Plans to replace one of Britain’s oldest wind farms with new turbines almost three times as tall will have a “devastating” effect on the Lake District, campaigners have warned.
The 12 turbines of the existing Kirkby Moor wind farm, which was built in 1993, are each 139 feet tall and stand less than a mile outside the southern boundary of the National Park.
Energy company RWE Innogy is seeking planning permission to replace them with six new turbines, each up to 377 feet tall, which it says could together generate up to five times as much power as the existing wind farm.
Industry experts forecast such attempts to “repower” existing wind farm sites will become far more common in coming years, as old planning consents expire and developers seek to cash in on new larger machines which are much more profitable.
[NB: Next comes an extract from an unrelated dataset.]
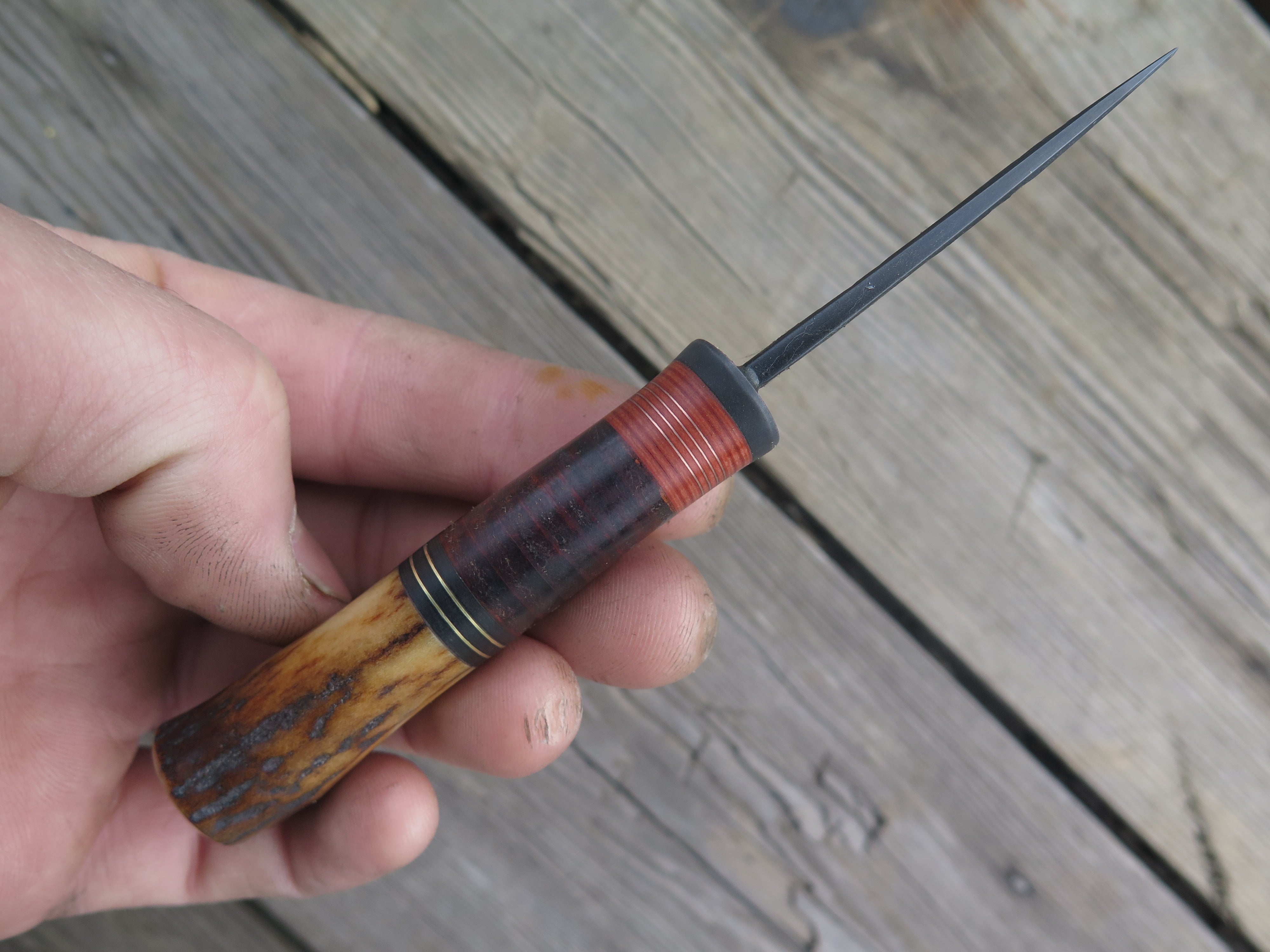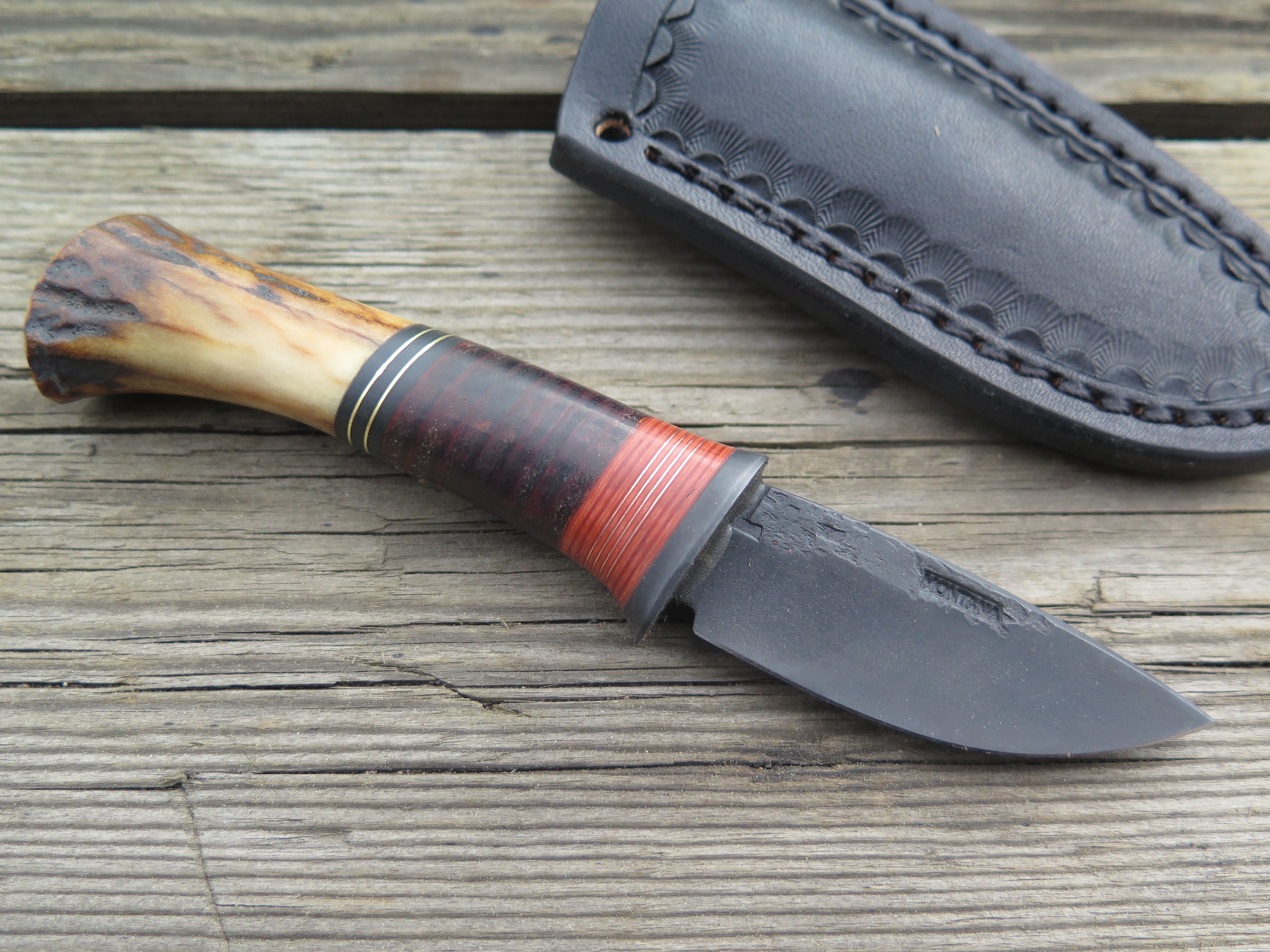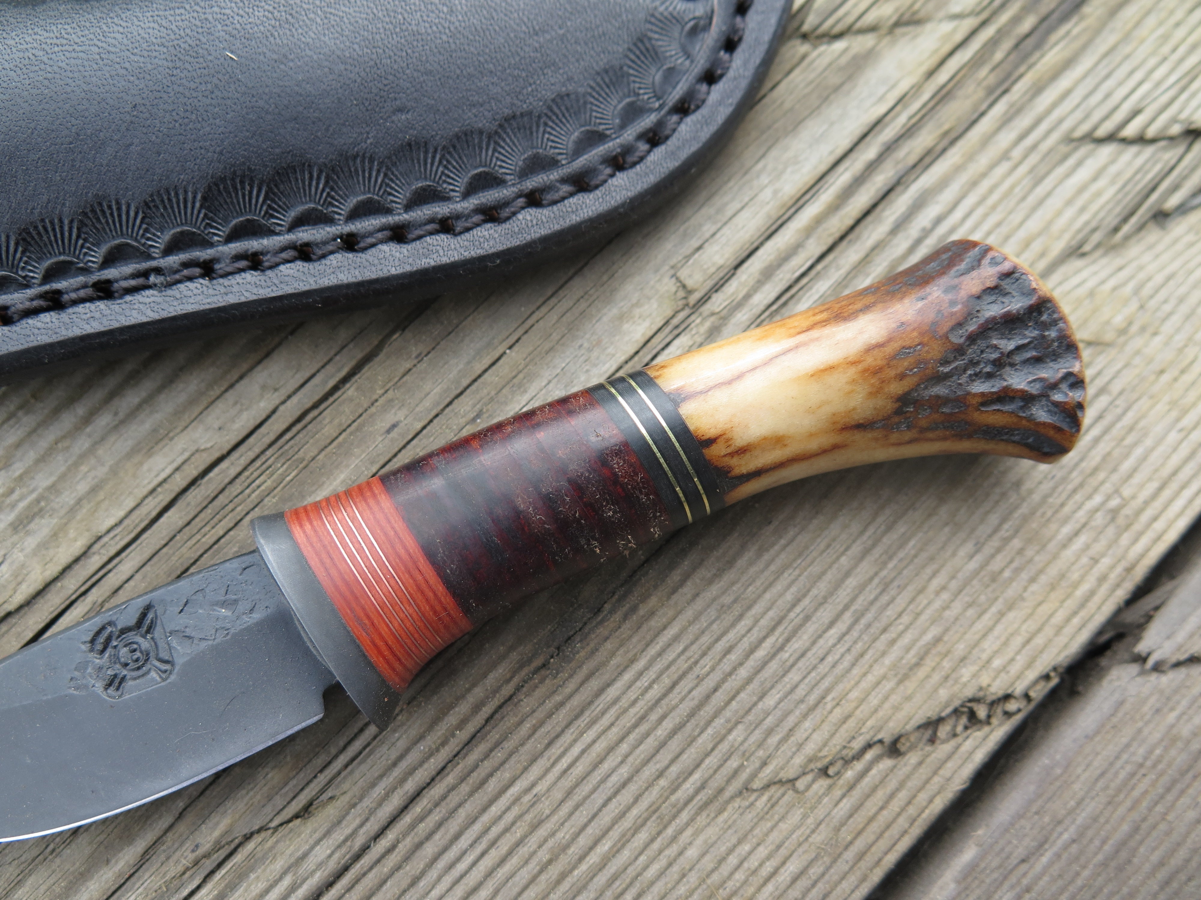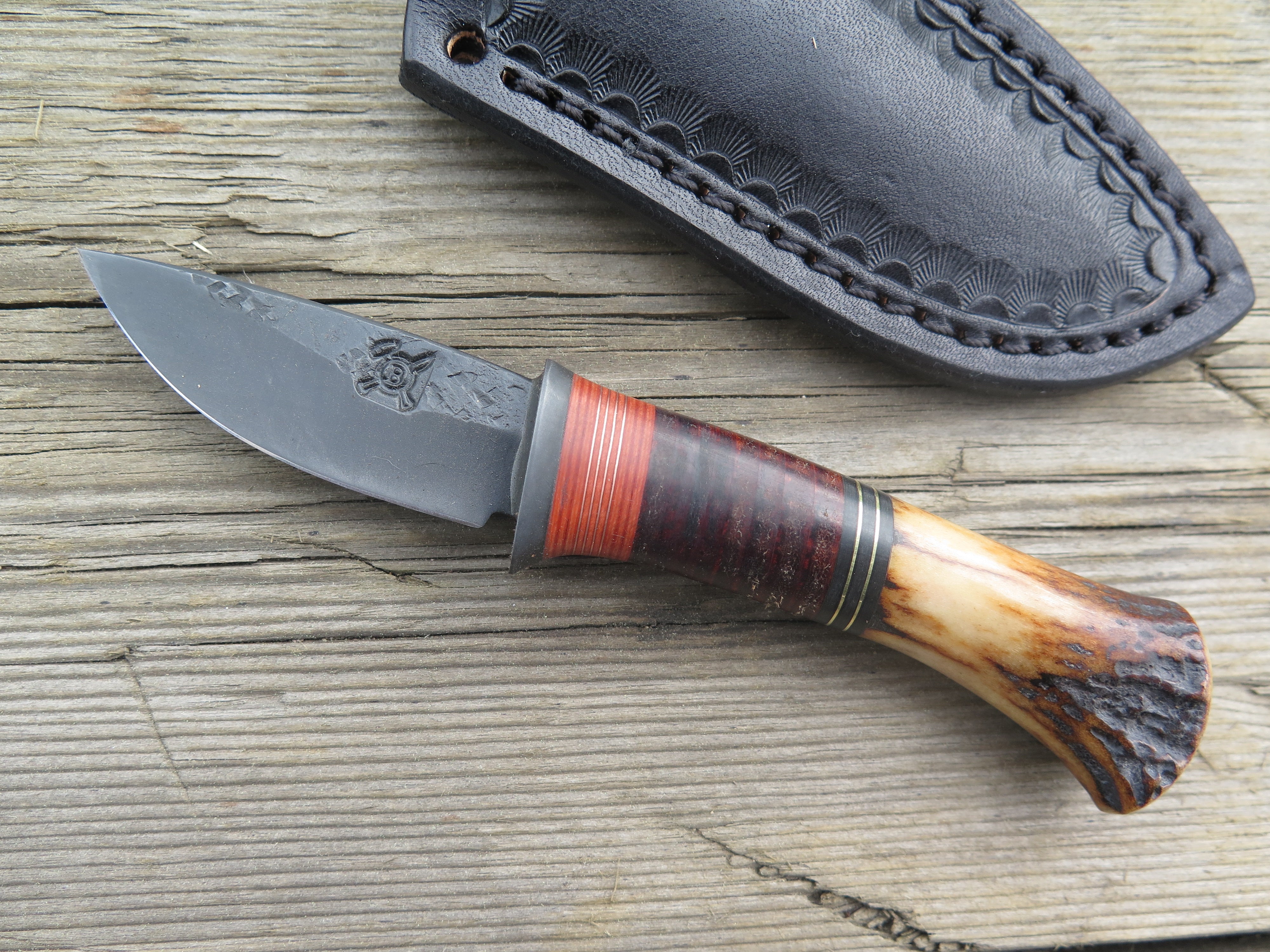 This bad ass new 5th pocket from Behring Made© is hand forged from 1/8" thick high carbon 01 tool steel and it measures 2 1/4" from tip to guard with a razor sharp hollow grind, hammermarks and our forced patina blued finish. The blued steel guard is soldered in place above black and maroon fiber, copper, brass and horsehide leather spacers as well as a premium sambar stag butt. The overall length measures 5 1/4" and it comes in a simple 5th pocket leather sleeve.

But residents near the Cumbrian site say the “gigantic” new turbines would be far more visible from further afield, as well as noisier for those living near them. They have urged South Lakeland council to reject the plans, leaving RWE to tear down the turbines when existing consent expires in 2018.
“People do not visit the Lakes to see wind turbines, they come to see lakes and mountains unsullied by monstrous, modern machinery,” one local couple told the council. “The only satisfactory outcome would be for all the wretched things to be taken down and the land returned to heather moorland,” a landowner wrote.
Kate Ashbrook, general secretary of the Open Spaces Society, said: “We fought the current turbines back in the early 1990s and we shall fight this application all the way. Because there are already turbines on this moor it is easy to see the effect of replacing them, and it is devastating.
“They are a severe intrusion in this wild landscape, highly visible from many directions and in particular from the tops of the Lake District National Park. They destroy the view into the park too. The new turbines would be over twice the height and therefore much more visible.”